そうこうしているうちに、昼休みになってしまった。
「ななおー、飯食おー」
友人に声をかけられて、財布を片手に立ち上がる。
「今日 何食べる?」
「え、決めてない。あおは?」
「がっつり肉の気分」
友人のあお――日高 あおいは、華奢な体つきながらめちゃくちゃよく食べる。その細い体のどこに入っていくんだと思うくらいよく食べる。
いっそ見てて気持ちいいくらいだもんな。
「肉かぁ。…コロッケにしようかな」
「メンチじゃないんかい」
「あ、肉で揚げ物って言ったらメンチか。
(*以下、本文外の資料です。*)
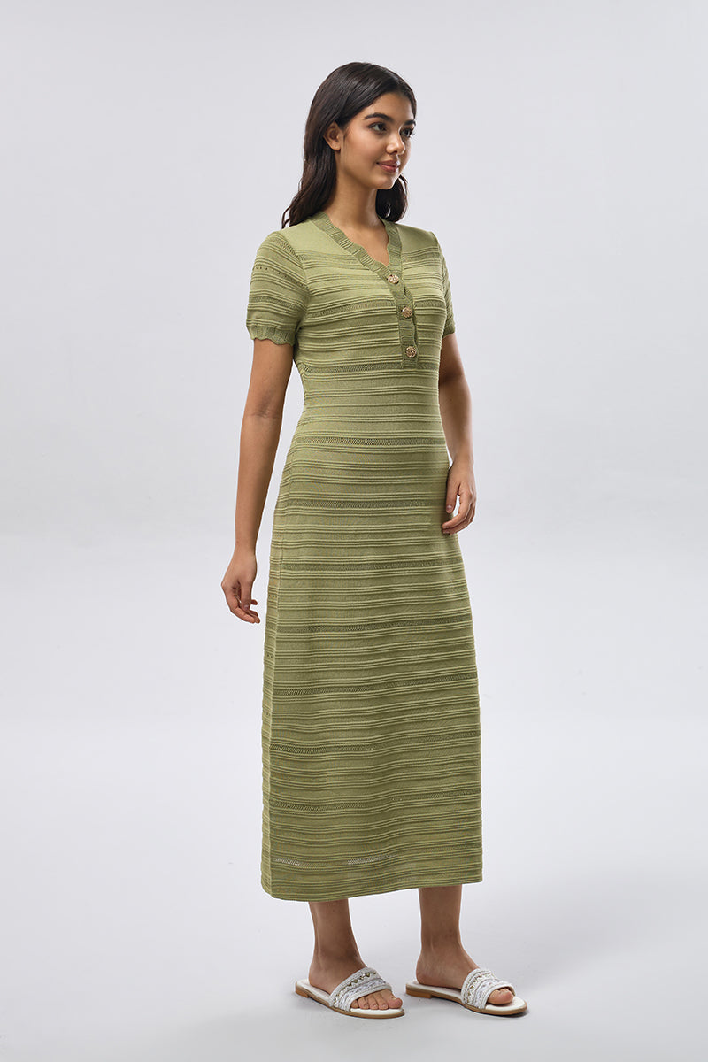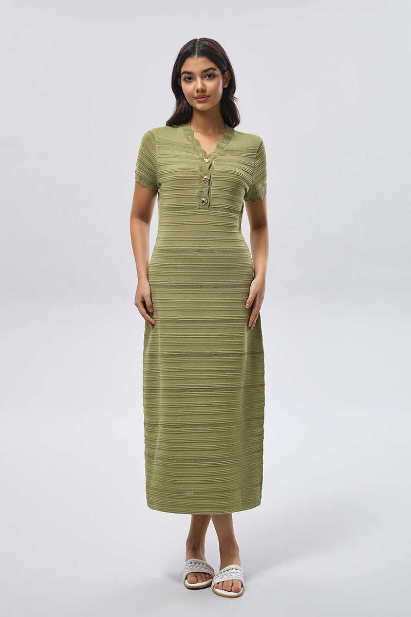 فستان ميدي بقصة انسيابية مصنوع من قماش محبوك مضلع، يتميز بأكمام قصيرة وتصميم بأزرار أمامية جزئية لمظهر أنيق وبسيط. يمنح قصة مريحة مع تحديد ناعم للجسم، مما يجعله مناسباً للاستخدام اليومي والإطلالات الكاجوال.

でもコロッケ」
メンチよりコロッケが好きだ。
「圭典くん、今日どこで食べる?」
「中庭行く?」
聞きたくないけど聞こえてしまう会話に、今日は中庭か、なんて思う。
あおがちらっと圭典を見た。
「彼女できたらやっぱ彼女優先なのは分かるけど、なーんか淋しい感じはするよな」
「うん。そうだね」
佐田さんと付き合い始めたら朝も放課後も佐田さんとだし。昼休みも佐田さんとだし。
あおも俺も、今まで一緒に昼ごはん食べてたのに。
なんて、そんな恨み言みたいなの言ったってしょうがない。佐田さんだって悪くないんだから。
「この前さ、映画観に行ったじゃん?」
「あ、うん」
「あれ圭典も誘ったんだけどさ、佐田さんと行くから、って断られたんだよな」
「え、そうなの?」
「うーん。何かさ、徹底してるっていうかさ、何か…変な感じすんな、って思った」
「変」
「何でも彼女と、みたいな? 別に彼女いたって友達と出かけるのって普通じゃん」
「うん」
「いいんだけどさ、何かちょっと…」
ちょっと、の後は、あおは何も言わなかった。それはきっと、マイナスなことだから。